> _Problem requirements_
Find the line holding "Pour Montréal, un" in the entries below. Give it again exactly, along with every line after it up to and including the line holding "Stylized 3D Textile".

> _Raw data_
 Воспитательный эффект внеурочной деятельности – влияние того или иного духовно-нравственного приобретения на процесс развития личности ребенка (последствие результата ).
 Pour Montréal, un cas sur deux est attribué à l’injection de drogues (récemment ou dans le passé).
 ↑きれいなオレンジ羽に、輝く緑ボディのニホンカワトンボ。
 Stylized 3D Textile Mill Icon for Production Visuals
---
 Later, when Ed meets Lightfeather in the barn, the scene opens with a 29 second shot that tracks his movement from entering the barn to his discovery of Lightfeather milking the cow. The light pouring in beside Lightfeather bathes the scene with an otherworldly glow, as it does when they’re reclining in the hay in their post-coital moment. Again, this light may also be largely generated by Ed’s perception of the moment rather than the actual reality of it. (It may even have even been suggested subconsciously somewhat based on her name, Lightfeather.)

> _Answer to the problem_
 Pour Montréal, un cas sur deux est attribué à l’injection de drogues (récemment ou dans le passé).
 ↑きれいなオレンジ羽に、輝く緑ボディのニホンカワトンボ。
 Stylized 3D Textile Mill Icon for Production Visuals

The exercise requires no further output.